Welcome to Covid19 Visualization Project’s documentation!
Indices and tables
Background and task
A common way of viewing statistics related to the COVID-19 pandemic has been dashboards. It led to the development of various data sources and programmatic ways of access. However, simply showing data without the underlying context may be misleading. Hence, bringing additional information that helps to understand and interpret data is critical. We would love to see your ideas for building pipelines that fetch data and relevant contextual information.
Set up a data processing and visualization pipeline for COVID data. You will retrieve the data from a public API (e.g., covidtracking.com), write code to process the data as needed, and provide visualizations of COVID infections over time.Thetask should:
Allow interactive exploration and interpretation of covid infections in selected countries (e.g., US)

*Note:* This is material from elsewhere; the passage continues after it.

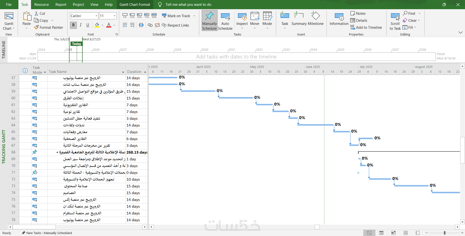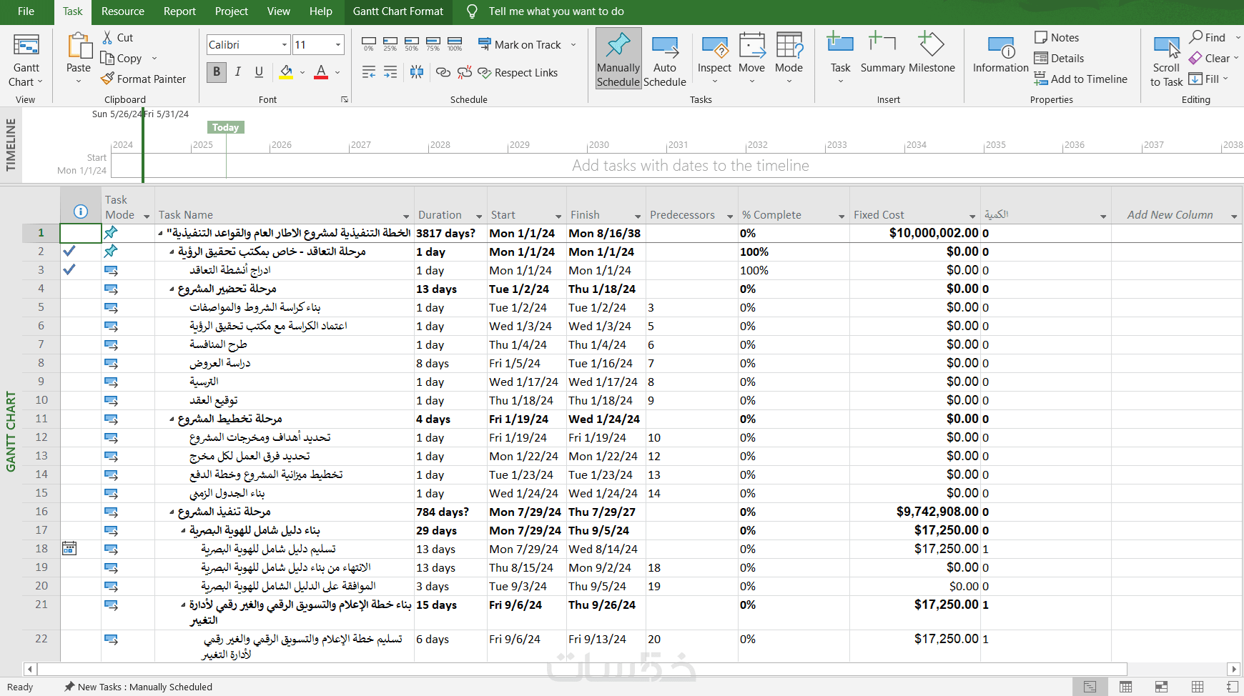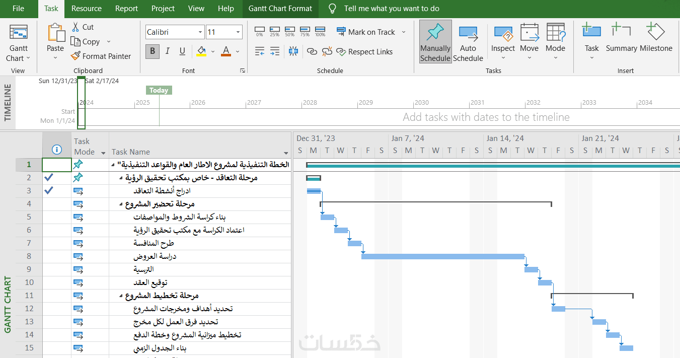 تصميم وإنشاء الجداول الزمنية للمشاريع باستخدام MS Projects

Deliver a reproducible pipeline that re-executes automatically
Provide a clean and well-documented code
Database
The covid tracking project compiled US COVID-19-related data from
02/2022 until 03/2021. It provides data by day and state in three main
areas: testing, hospitalization, and patient outcomes. Data is provided
via an API that can
be used to retrieve a json file.
As a proof of concept, this tool takes from that database the total number of COVID-19 cases by day. This metric is accumulative; therefore, if we want to visualize daily COVID-19 cases, we need to transform the original data and calculate the difference. Some US health bureaus reported cases only on weekdays, while others did it uninterrupted daily. This explains why we see a drop in the number of cases during the weekend. To correct this “noise”, the tool calculates a rolling mean with a window of 7 days. This transformation smoothes the signal and corrects this artifact; however, it tends to hamper the detection of fast changes in the signal.
Solution:
The schema of the solution proposed for this task is represented in the
graph below. PySpark will be used for the ETL job and Bokeh for
generating the interactive visualization. Selected data is extracted
from the database API. Then, after a data validation checking, several
transformations are applied to the data, such as the conversion of
dates, calculation of daily differences, and time-series sequence
smoothing via rolling mean. Next, data is loaded into a parquet
database. This loading process checks for duplicates, and therefore it
can be run repeatedly without affecting the database.
Finally, the data previously loaded in the parquet database is used to
generate a bokeh interactive plot in html.
In this proof of concept, I used the total number of COVID-19 cases. However, it can be adapted to any of the metrics available in the API.
Project Structure
The structure of the project is inspired from this repository.
root/
|-- configs/
| |-- configs.json
|-- dependencies/
| |-- logging.py
| |-- spark.py
|-- COVID19_project/
| |-- __main__.py
| |-- extract.py
| |-- transform.py
| |-- load.py
| |-- visualize.py
|-- tests/
| |-- test_data/
| |-- | -- test_to_date.parquet
| |-- | -- ...
| |-- test_transform.py
| |-- data_generator.py
| requirements.txt
The ETL task and visualization tool are contained in
COVID19_project. There, each file contains the methods required for
each part of the project: extraction, transformation, loading, and
visualization. Different parameters can be configured in
configs/configs.json and then used in transformation methods.
Additional modules that support the pySpark session and logging can be
found in dependencies. Finally, unit test modules are stored in
tests next to small representative portions of input and output data.
Each of the transformations methods has its own test function.
Ideas for further development
Visualization
Extract daily cases per state.
Integrate states databases with their geoboundary in a geoparquet file.
Develop a map visualization of US with a colormap depending on the cases.
Database
Implement a Hadoop/HIVE database to test performance.
Querying
Allow custom SQL queries to retrieve information from the database.